[Records drawn from a dataset]

•••

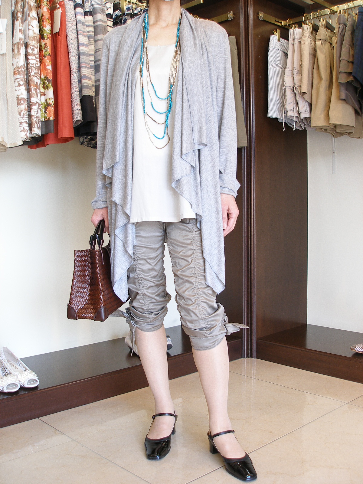タイトなシンプル系がすごくお似合いです。カーディとリボンパンツの甘辛を上手にはきこなして下さっています。「合うものを、ちゃんと合わせて下さるラベンダーさんなので安心できる」とおっしゃって頂きました。
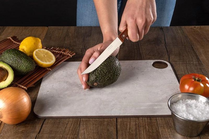 Плавные изгибы рукоятки предотвращают трение, и обеспечивают мягкий захват ножа.
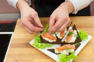 Обелете авокадото, нарежете ситно и смесете с майонезата. Нарежете червената риба (сьомга, пъстърва или розова сьомга) на тънки филийки филийки.
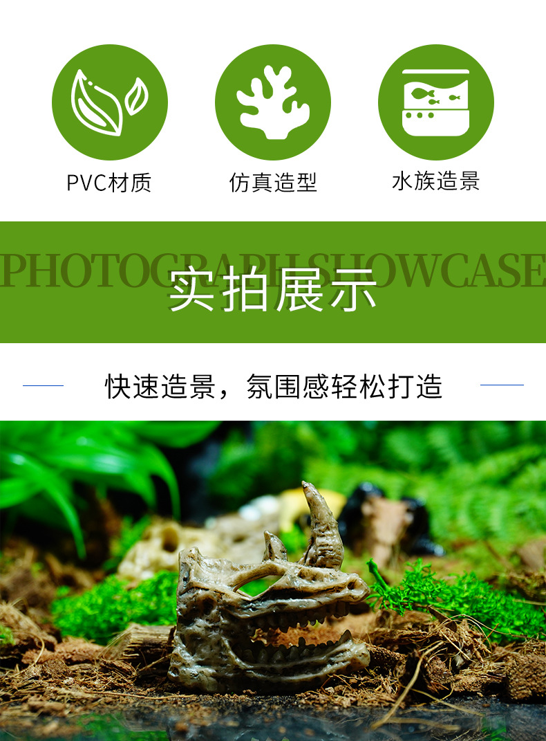 두개골 공룡 두개골 수족관 등반 애완 동물 크롤러 상자 물고기 탱크 DIY 조경 장식 시뮬레이션 PVC 티라노사우루스 난파선
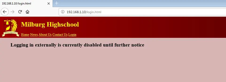 On the homepage, we can see that there is a login option available. So let’s click on the login button to explore the application further. However, when clicking on the login page, the application shows a message that “Login is currently disabled.”
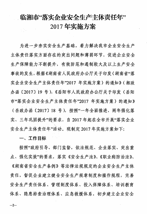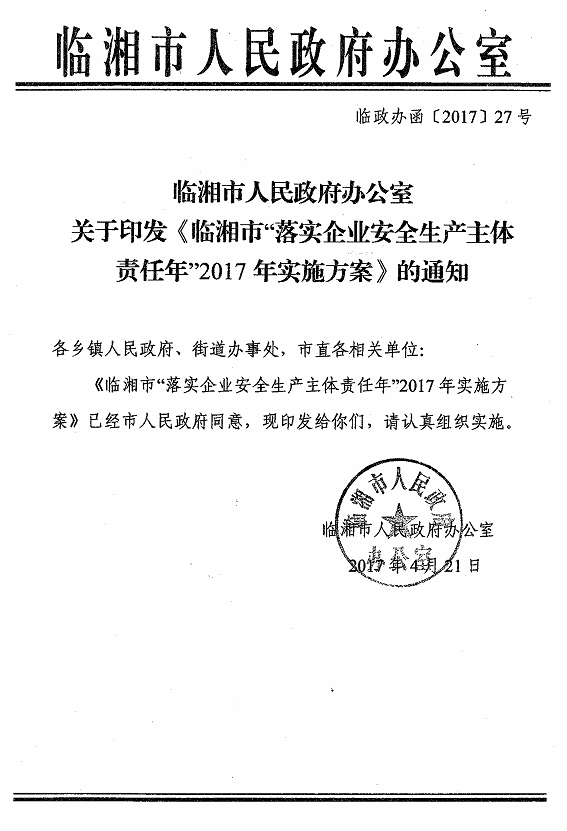 关于印发《临湘市“落实企业安全生产主体责任年”2017年实施方案》通知
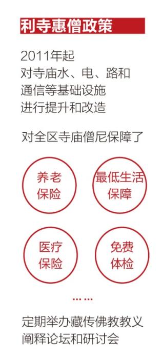 西藏出臺(tái)了一系列利寺惠僧政策,對(duì)全區(qū)寺廟僧尼保障了養(yǎng)老保險(xiǎn)、最低生活保障、醫(yī)療保險(xiǎn)、重大疾病醫(yī)療保險(xiǎn)、免費(fèi)體檢等。同時(shí)定期舉辦藏傳佛教教義闡釋論壇和研討會(huì),鼓勵(lì)藏傳佛教界代表人士對(duì)藏傳佛教經(jīng)典教義作出符合國家法律法規(guī)、社會(huì)主義核心價(jià)值觀和中華優(yōu)秀傳統(tǒng)文化精神的新闡釋,藏傳佛教中國化邁出了新步伐。
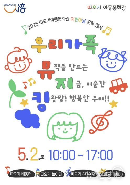 뉴스온경기 | 시흥시 따오기아동문화관은 어린이날을 맞아 오는 5월 2일 오전 10시부터 오후 5시까지 따오기아동문화관 야외 일대에서 2026년 어린이날 문화행사 ‘우리가족 뮤지킹’을 개최한다.
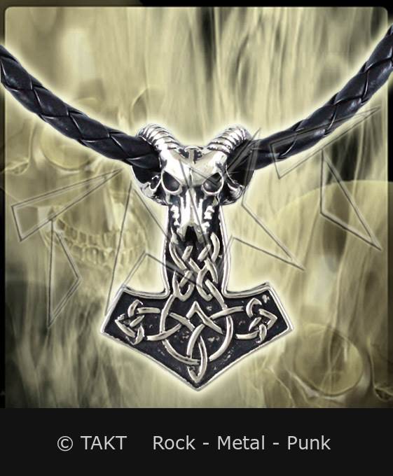 Pevný kovový odlitek ve tvaru Thorova kladiva zavěšený na řetězu, který drží dvě vlčí hlavy. Barva: stříbrná. Celkové provedení s karabinou. Rozměry: Thorovo kladivo cca 3 x 4, 5 cm, řetěz dlouhý cca 64 cm.

•••

_Problem details_
Look above for the line containing "뉴스온경기 | 시흥시", then retype it and each line after it to the end of the records, exactly and without pictures.

_Result for this exercise_
 뉴스온경기 | 시흥시 따오기아동문화관은 어린이날을 맞아 오는 5월 2일 오전 10시부터 오후 5시까지 따오기아동문화관 야외 일대에서 2026년 어린이날 문화행사 ‘우리가족 뮤지킹’을 개최한다.
 Pevný kovový odlitek ve tvaru Thorova kladiva zavěšený na řetězu, který drží dvě vlčí hlavy. Barva: stříbrná. Celkové provedení s karabinou. Rozměry: Thorovo kladivo cca 3 x 4, 5 cm, řetěz dlouhý cca 64 cm.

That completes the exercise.